- **Directions**: A verbatim reproduction of the lines below, from the line containing "8. Burgundy Almond" through the line containing "VIN: 2HGFC2F52JH535328", both ends included, is the whole required output.

- **Source data**:
--
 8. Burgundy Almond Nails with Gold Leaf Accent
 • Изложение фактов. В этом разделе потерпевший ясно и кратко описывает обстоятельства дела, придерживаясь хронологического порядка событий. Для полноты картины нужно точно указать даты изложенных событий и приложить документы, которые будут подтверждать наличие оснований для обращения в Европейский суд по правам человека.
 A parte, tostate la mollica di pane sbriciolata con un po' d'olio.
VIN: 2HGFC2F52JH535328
--
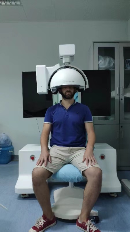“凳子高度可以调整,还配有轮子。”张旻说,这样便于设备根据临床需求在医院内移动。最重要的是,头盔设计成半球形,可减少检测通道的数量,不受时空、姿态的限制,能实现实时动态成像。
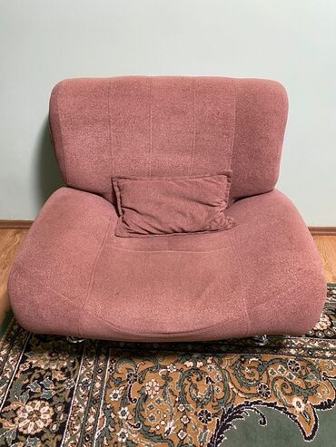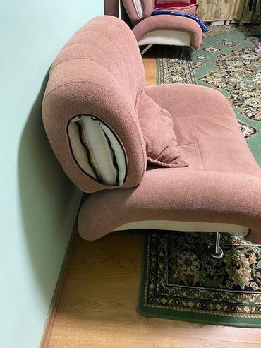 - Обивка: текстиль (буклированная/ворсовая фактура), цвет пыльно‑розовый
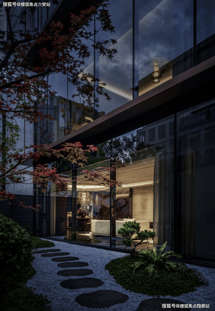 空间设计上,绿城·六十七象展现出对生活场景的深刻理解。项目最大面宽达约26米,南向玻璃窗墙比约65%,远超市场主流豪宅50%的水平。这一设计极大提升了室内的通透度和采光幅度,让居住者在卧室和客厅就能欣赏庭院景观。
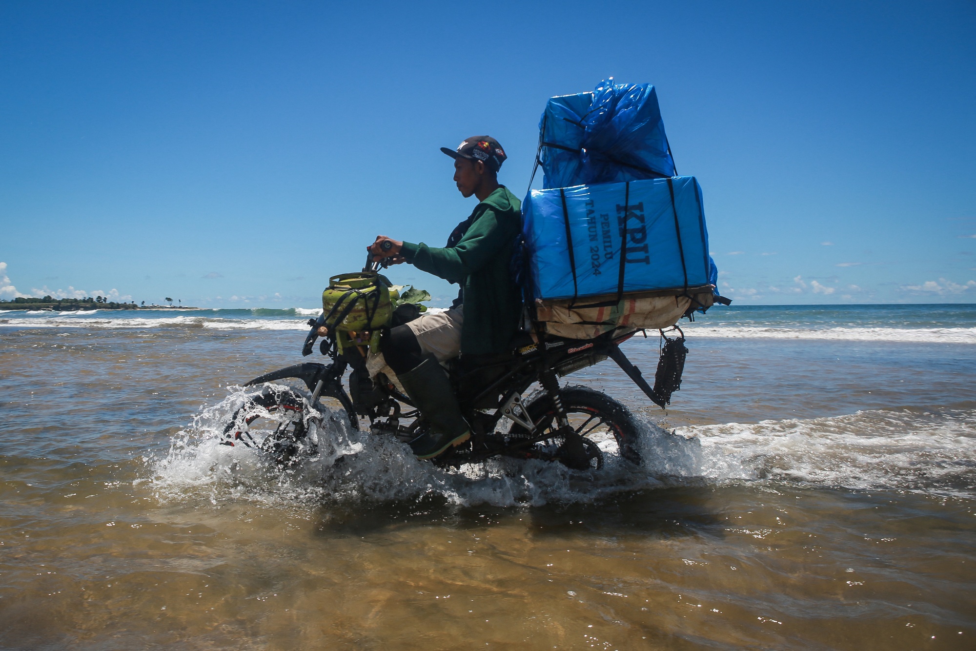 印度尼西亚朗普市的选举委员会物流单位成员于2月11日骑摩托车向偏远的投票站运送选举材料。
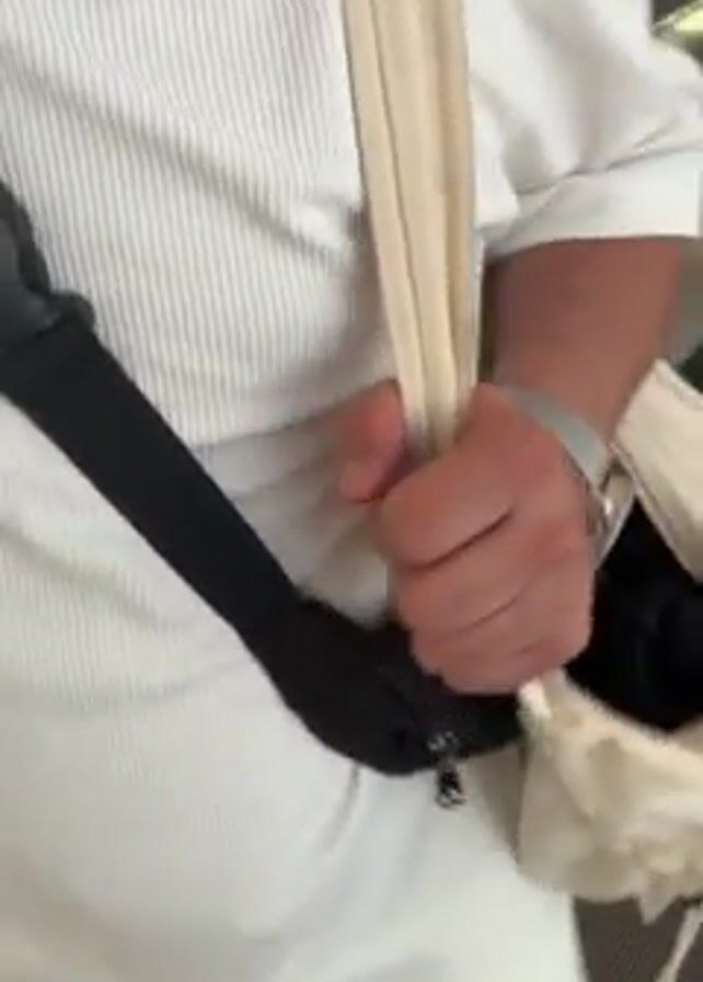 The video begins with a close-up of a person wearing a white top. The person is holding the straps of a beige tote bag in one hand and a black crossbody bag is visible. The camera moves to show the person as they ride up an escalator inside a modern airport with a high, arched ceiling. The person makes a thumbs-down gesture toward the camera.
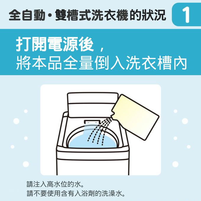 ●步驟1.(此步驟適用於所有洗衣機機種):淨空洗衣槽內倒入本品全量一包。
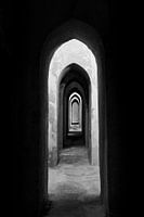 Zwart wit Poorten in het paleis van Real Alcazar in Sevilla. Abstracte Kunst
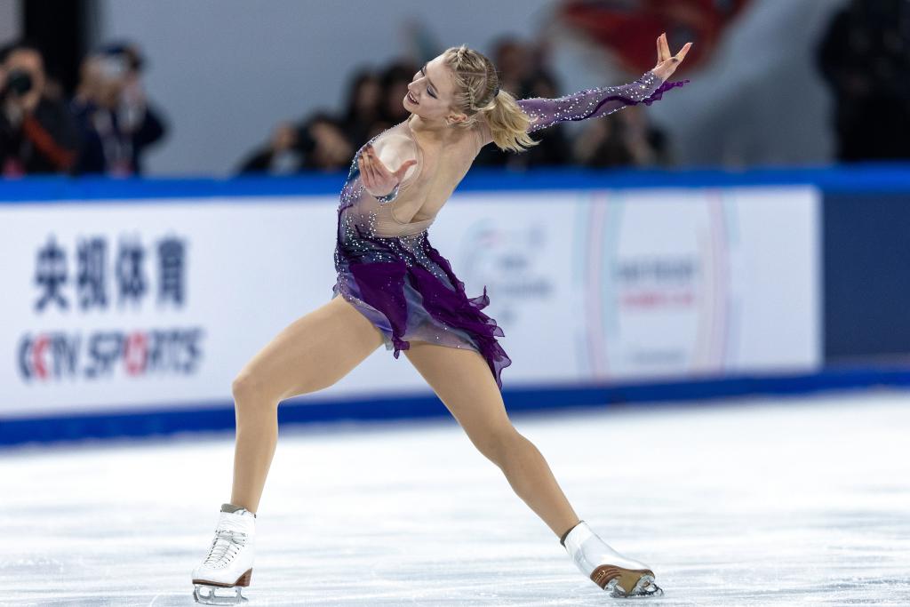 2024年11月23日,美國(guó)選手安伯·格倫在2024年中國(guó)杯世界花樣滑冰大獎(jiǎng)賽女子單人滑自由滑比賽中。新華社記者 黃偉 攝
--
- **Task solution**:
 8. Burgundy Almond Nails with Gold Leaf Accent
 • Изложение фактов. В этом разделе потерпевший ясно и кратко описывает обстоятельства дела, придерживаясь хронологического порядка событий. Для полноты картины нужно точно указать даты изложенных событий и приложить документы, которые будут подтверждать наличие оснований для обращения в Европейский суд по правам человека.
 A parte, tostate la mollica di pane sbriciolata con un po' d'olio.
VIN: 2HGFC2F52JH535328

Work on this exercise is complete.